グリーン&サステナブルをテーマにした会合で、参加者らは、カンボジア社会経済のグリーン化に向け、バイヤーや投資家など産業界が果たす役割は大きく、政策立案などに当たっては特に企業の声(要望)に耳を傾ける必要があると指摘した。そのためには、まずは先行するビジネスベース(B2B)での成功事例の要因などを踏まえ、そうした企業の取り組みの後押しとなるような、関連団体や政府の支援策を整えるのがよいとの意見が聞かれた。また、資源が限られるカンボジアにとって、リサイクル技術の開発・導入に向け、日本と協業できる可能性が大きいとのコメントもあった。

さらに、カンボジアでは既にグリーン分野で複数の日本企業が活躍している。例えば、日本人がカンボジアで経営する飲食店Pizza 4P’sは、リサイクルなどの強化を通じ、店舗から排出される、ごみの「ゼロ」を目指している。また、日系ベンチャーのUNWASPAは、害草の水草を原料としたバイオエタノールや飲酒用ジンを製造している。そして、GOMI Recycle 110は、プラスチック廃材を建設用資材として再生する事業を展開している。

2023年は、日ASEAN友好協力50周年に当たる。これを記念して、ジェトロや経済産業省、日本商工会議所をはじめとする経済界は、将来を見据えた、新しい時代の日ASEAN経済関係の共創の方向性を示す「日ASEAN経済共創ビジョン」の策定を進めている。加えて、2023年は日カンボジア友好70周年の年でもある。ジェトロは、カンボジア経済財政省などと覚書(MOC)を締結しており、投資誘致拡大に向けた政策提言をしていくことが期待されている(2022年11月28日記事参照)。今回の対話でカンボジア産業界から得られた意見については、「日ASEAN経済共創ビジョン」や日本・カンボジアの経済連携に向けた取り組みに生かされる予定だ。

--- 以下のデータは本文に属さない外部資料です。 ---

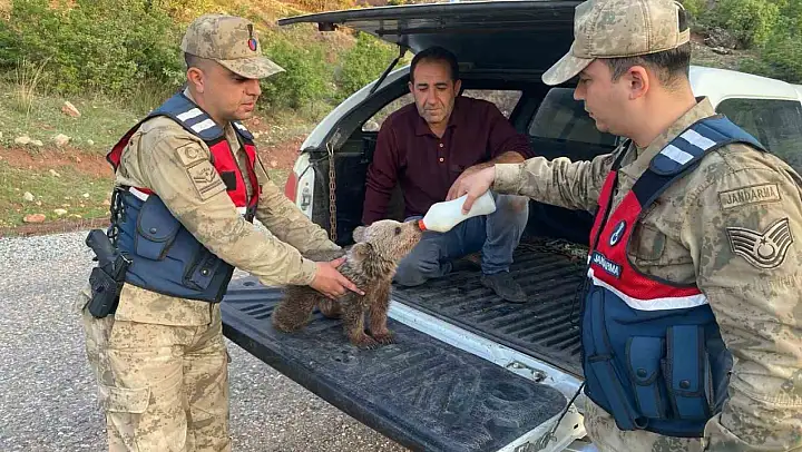 Siirt'te Jandarma tarafından bulunan yaralı Şahin koruma altına alınırken yavru ayıya süt verilip doğaya bırakıldı.
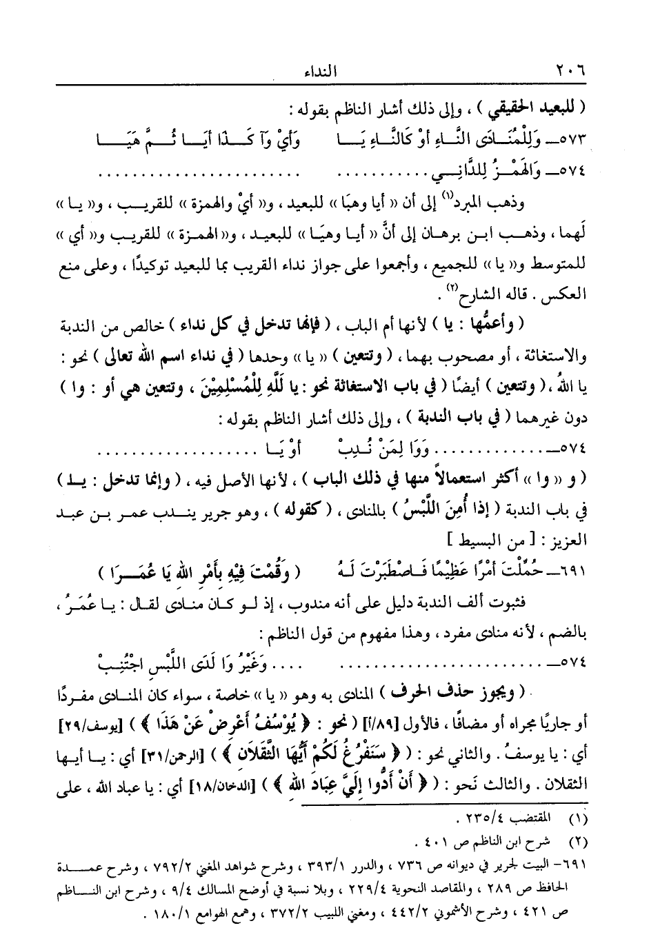 "ويجوز حذف الحرف" المنادى به وهو "يا" خاصة، سواء كان المنادى مفردًا أو جاريًا مجراه أو مضافًا، فالأول "نحو: {يُوسُفُ أَعْرِضْ عَنْ هَذَا} " [يوسف: 29] أي: يا يوسف. والثاني نحو: " {سَنَفْرُغُ لَكُمْ أَيُّهَا الثَّقَلَانِ} " [الرحمن: 31] أي: يا أيها الثقلان. والثالث نحو: " {أَنْ أَدُّوا إِلَيَّ عِبَادَ اللَّهِ} " [الدخان: 18] أي: يا عباد الله، على
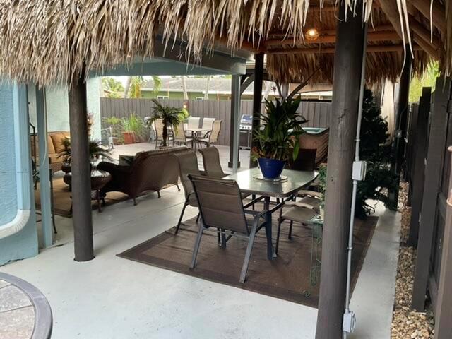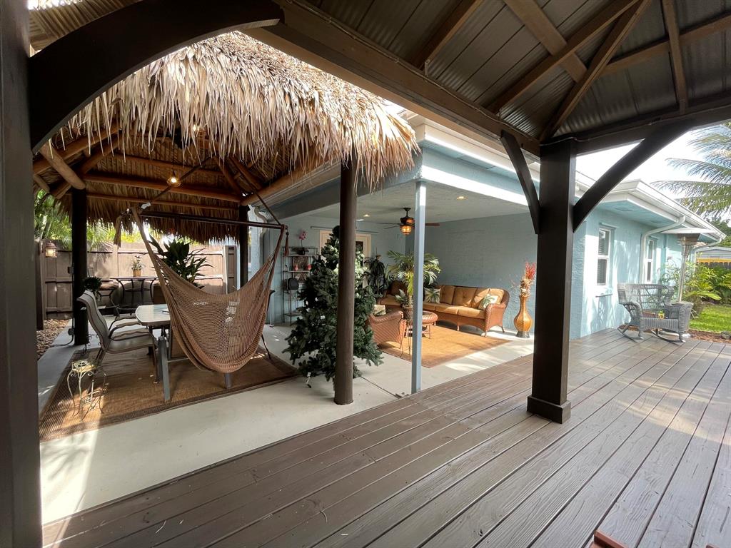 DO NOT miss the opportunity to own this unique oasis in a great location in Cresthaven. NO HOA! Great curb appeal Close drive to the beaches! This beauty has 3 bedrooms and 2 bathrooms with the potential for a 4th bedroom and a 3rd bathroom. The master bedroom is gigantic! It has a walk-in closet, and the master bathroom has a jacuzzi and a separate shower totally remodeled in 2021. This recently upgraded (2020) home offers: a new roof, hurricane impact windows & doors, new flooring, recently painted in and out, and fenced in beautifully landscaped backyard with a jacuzzi under a cedar wood gazebo with a metal roof , a tiki hut built by a Native American Indian, Lanai, deck. The prior owner was an engineer. Gorgeous kitchen with granite countertop. Pet door. Huge laundry room. Murphy bed.

写真 カンボジア産業界との対話の様子(ジェトロ撮影)

カンボジア産業界との対話の様子(ジェトロ撮影)

(注1)主に政策にかかる調査研究や人材開発を行うカンボジアの調査研究機関。

(注2)参加した業界団体は、カンボジア商工会議所(CCC)、カンボジア青年企業家協会(YEAC)、カンボジア元日本留学生同窓会(JAC)、女性起業家協会(CWEA)、カンボジア縫製・製靴・旅行用鞄協会(TAFTAC)、カンボジア製靴協会(CFA)、クメールエンタープライズ(KE)。